Goal: Predicting employee turnover and understanding the key drivers behind it using SHAP explainability

Business Impact

  • Helps HR teams identify at-risk employees early

  • Supports retention planning:

    • Reduce overtime for specific roles
    • Invest in improving satisfaction and engagement
    • Focus retention efforts on younger employees
  • Potential to simulate attrition costs and optimize workforce strategy

About the Dataset

This project uses a fictional dataset created by IBM data scientists to simulate real-world HR data. The purpose is to uncover what factors contribute to employee attrition (i.e., leaving the company), and to help businesses proactively reduce turnover.

Source: IBM HR Analytics Attrition Dataset (Kaggle) Rows: 1470 Target variable: Attrition (Yes/No)

Key Features:

  • Demographics: Age, Gender, MaritalStatus, Education
  • Job Info: Department, JobRole, YearsAtCompany, JobSatisfaction
  • Performance: PerformanceRating, OverTime, MonthlyIncome
  • Label: Attrition — whether the employee left or stayed

Dashboard to visualize some features

dynamic dashboard can be found here for more interactivity and info in the tooltip

Exploratory Data Analysis

  • Checked class imbalance: ~16% of employees left (Attrition=Yes)

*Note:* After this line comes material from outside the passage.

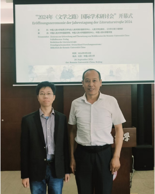 9月19日至9月22日, 2024年《文学之路》国际学术研讨会在中国人民大学成功召开。作为《文学之路》创刊以来所举办的第二十届年会,本次会议以“德语文学和语言中的家乡”为主题,由中国人民大学世界文学与全人类共同价值研究中心、人民文学出版社、《文学之路》编辑部主办,中国人民大学外国语学院、德国研究中心与中国人民大学图书馆联合承办。共吸引来自中国、德国、奥地利、以色列和韩国46所高校与科研院所的共计130余名日耳曼学者前来参会。今年会官方网站今年会jinnianhuicom德语系主任綦甲福教授、德语系副系主任王学博老师受邀参会。

  • Explored patterns by marital status, satisfaction levels, income, and overtime

  • Removed irrelevant or duplicate columns (e.g., EmployeeCount, Over18)

  • Identified clear correlations between attrition and:

    • Overtime work
    • Younger age
    • Low satisfaction
    • High distance from home

Preprocessing & Feature Engineering

  • Label Mapping: Attrition, Gender, OverTime, and Over18 were mapped to binary values
  • Ordinal Encoding: BusinessTravel
  • One-Hot Encoding: Applied to Department, EducationField, JobRole, MaritalStatus
  • Scaling: StandardScaler applied to continuous numerical features
  • Balancing: Used RandomOverSampler to handle class imbalance in training data

Modeling

Trained and evaluated six classification models:

Model Accuracy Key Observations
Logistic Regression 76% Good recall on attrition class (66%)
K-Nearest Neighbors 67% Weak precision/recall for attrition
Decision Tree 74% Low performance on class 1
Random Forest 85% High accuracy, weak recall for attrition
Support Vector Machine 60% High recall but very low precision
XGBoost 86% Best overall performance, selected for SHAP

Model Explainability with SHAP

Used SHAP (SHapley Additive exPlanations) to understand why the model predicts attrition.

Key Drivers of Attrition:

Feature Insight
OverTime Strongest predictor of attrition — frequent overtime increases risk
Age Younger employees more likely to leave
EnvironmentSatisfaction Dissatisfied employees more likely to leave
DistanceFromHome Longer commutes correlate with higher attrition
JobSatisfaction Low job satisfaction strongly tied to attrition

SHAP Summary Plot:

  • Shows direction and strength of impact for each feature
  • Confirms that the model aligns with real-world HR logic
🔝 Top Positive Drivers (Increase Attrition Risk) 🔽 Top Negative Drivers (Reduce Attrition Risk)
OverTime – Working overtime increases risk. Older Age – Older employees are more stable.
Low Job Satisfaction – Unhappy in role. Higher Monthly Income – More financial comfort.
Low Environment Satisfaction – Poor work environment. Higher Stock Option Level – Incentivized to stay.
More Companies Worked For – Suggests instability. Higher Job Involvement – More engaged employees.
Low Relationship Satisfaction – Poor manager/peer relationships. Longer Years With Current Manager – Manager stability helps.

SHAP Dependence Plot:

  • Interaction between DistanceFromHome and OverTime:

    • Employees living close by are often assigned overtime
    • Those far away + overtime = higher attrition

Web App: Employee Attrition Predictor (for HR decision making)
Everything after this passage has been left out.